Julie Maeir, QuisLex director, human resources and communication, shares this prediction for attracting and retaining talent: “With the ‘great resignation’ having subsided in 2023, expect less movement among attorneys and staff in 2024. The market is no longer favoring those who want to change jobs, as the salary bumps of the past that lured people away are not as prevalent. However, both law firm and in-house attorneys will likely continue to leave the practice of law and move to alternative areas.”

On a related topic, Gummaregula offers that “COVID accelerated the realization that a focus on both the individual and collective welfare of employees is paramount for a company’s well-being. We will see greater strides in employee welfare initiatives in 2024 with companies offering greater assistance for family, mental health and other wellness initiatives.”

Privacy remains a critical area of focus for legal professionals. QuisLex associate director, legal solutions, Megan Silverman predicts, “2024 will be a flagship year for privacy regulation with new laws becoming effective in Texas, Florida, Washington and Oregon. The already cumbersome patchwork of privacy laws will become even more difficult to decipher, leading to the creation or adaptation of legal tech to help quickly analyze breached data to identify (a) the jurisdictions in which the impacted data subjects reside and (b) what state-specific rules apply to that data. This will allow breach counsel to focus on the data subject to the more stringent requirements first and create a playbook for tackling the intricacies of each applicable state’s regulations.”
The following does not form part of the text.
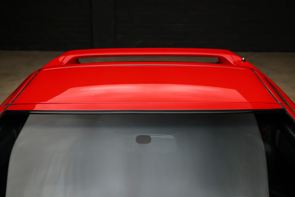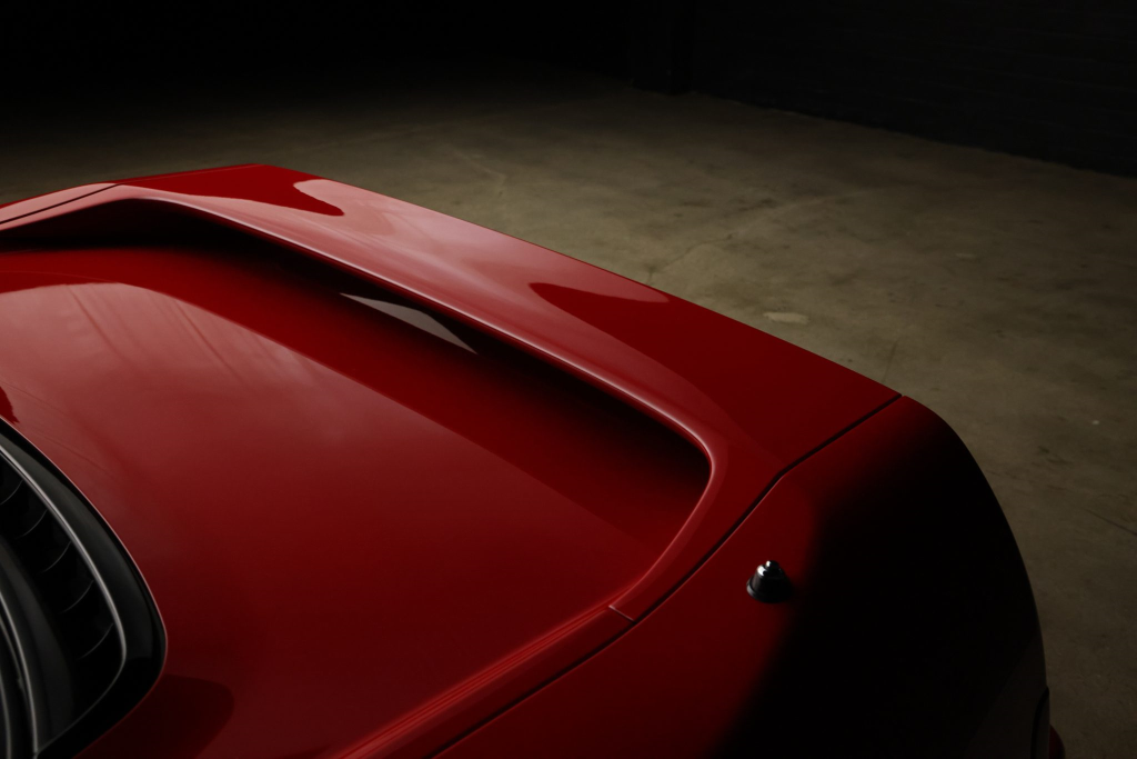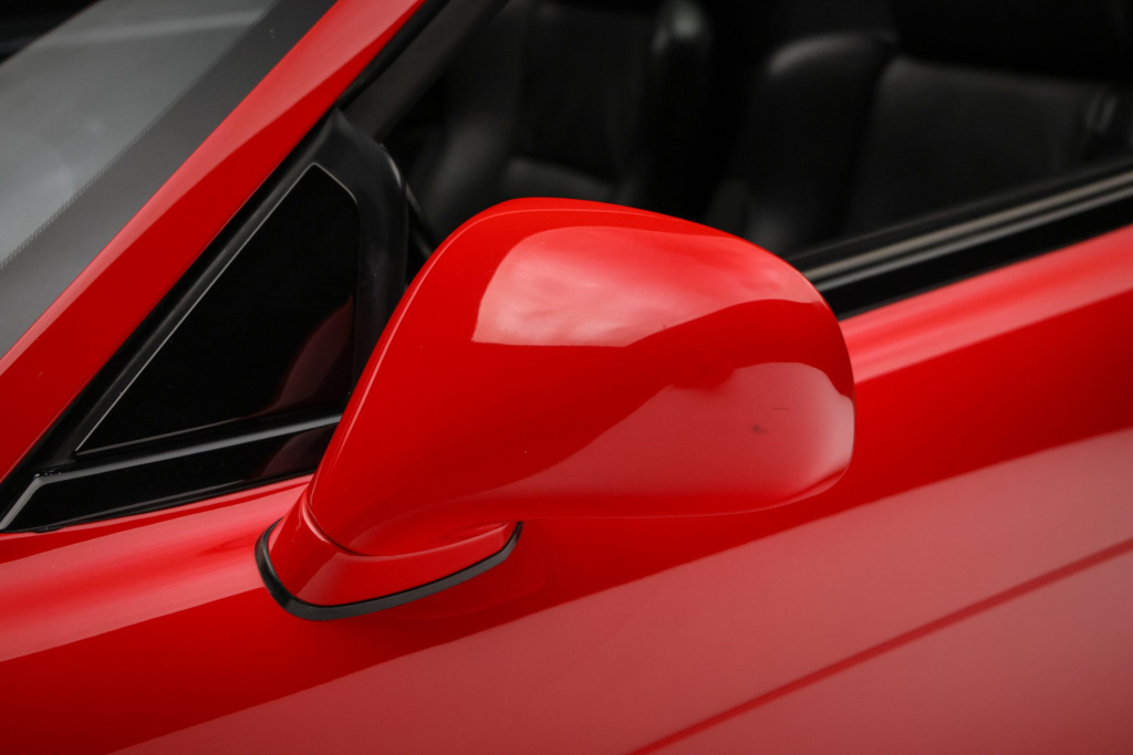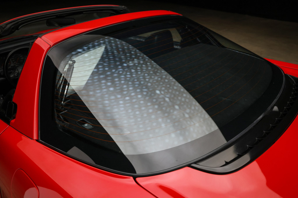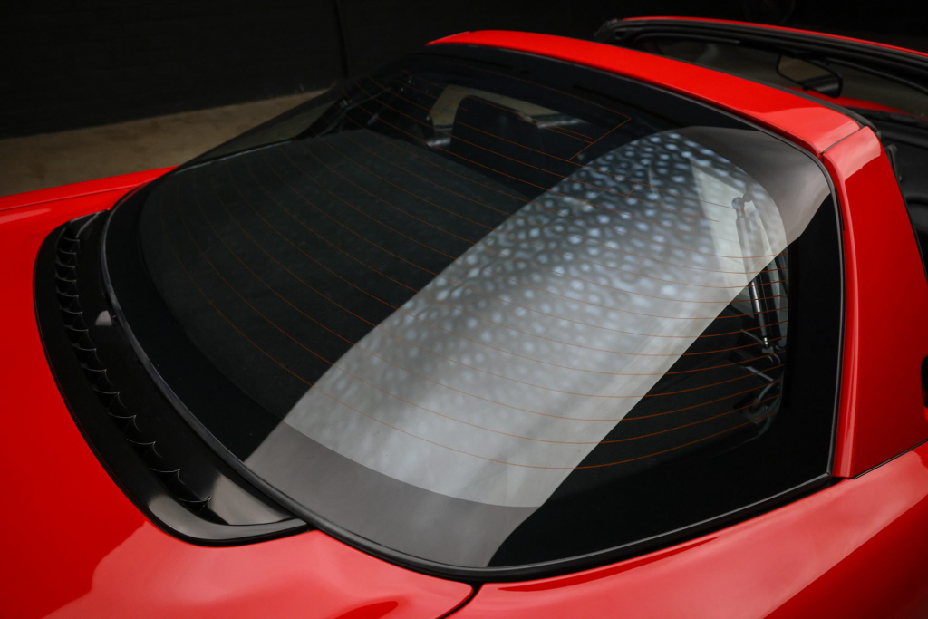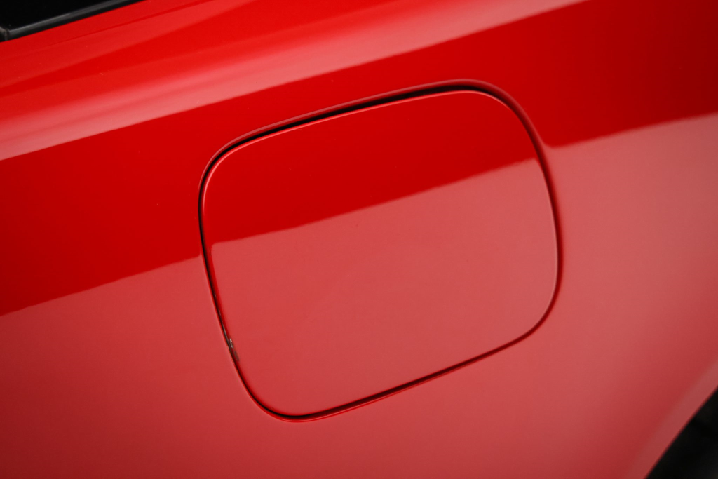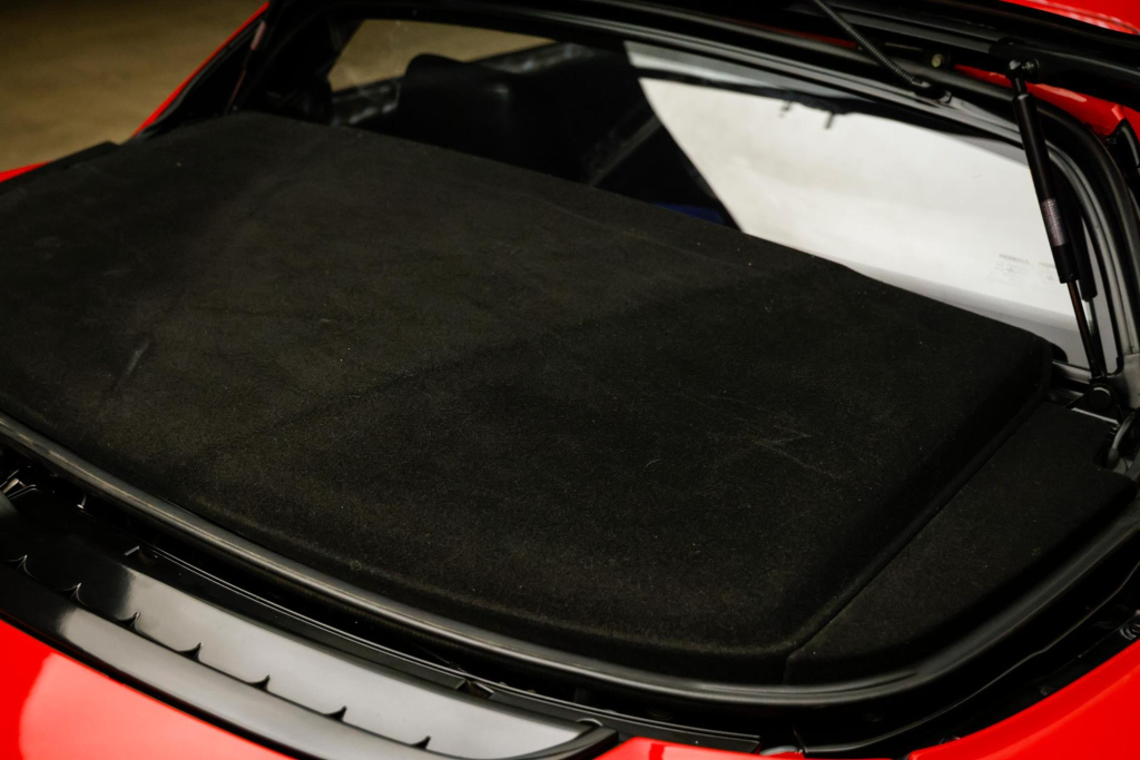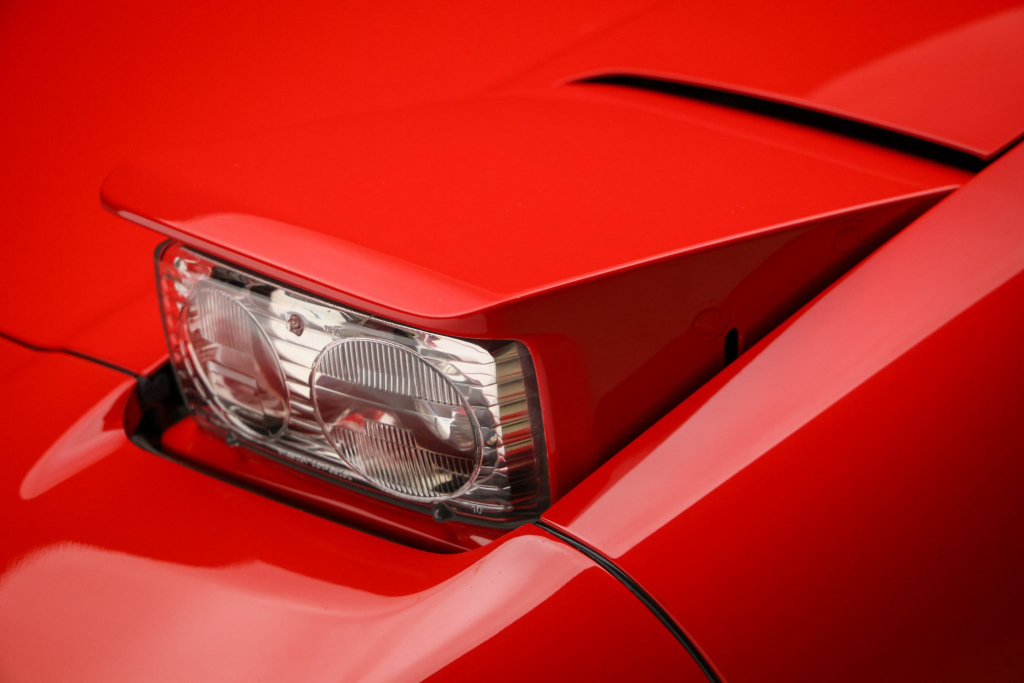 The NSX featured aluminum bodywork, and this example is finished in Formula Red with a body-color removable roof panel. Features include pop-up headlights, an integrated rear wing, side air intakes, power-adjustable side mirrors, and dual exhaust outlets. Scuffs are located on the underside of the front spoiler, and imperfections are highlighted in the gallery.

In the area of cybersecurity, QuisLex CTO Michel Sahyoun has this forecast: In 2024, there will be increasing pressure on CISOs and corporate boards to disclose cybersecurity breaches in a prompt and transparent way. This will in turn push even SMBs, including smaller law firms, to take cybersecurity far more seriously and seek the help of security service providers to assess their security posture, remediate vulnerabilities and monitor their infrastructure for potential breaches.”

Sahyoun also offers this insight about emerging technologies: “2023 witnessed the evolution of large language models into a reasonably mature technology, overshadowing all other natural language processing systems. The legal technology landscape saw the use of LLMs through copilots, legal assistants and legally conversant chatbots. Further enhancements in 2024 will create more mature, affordable, customizable and easy-to-use LLM models that will leave the lab to graduate into production use. Legal technology vendors in legal research, eDiscovery and contract management will need to update their existing NLP models with LLM technology.”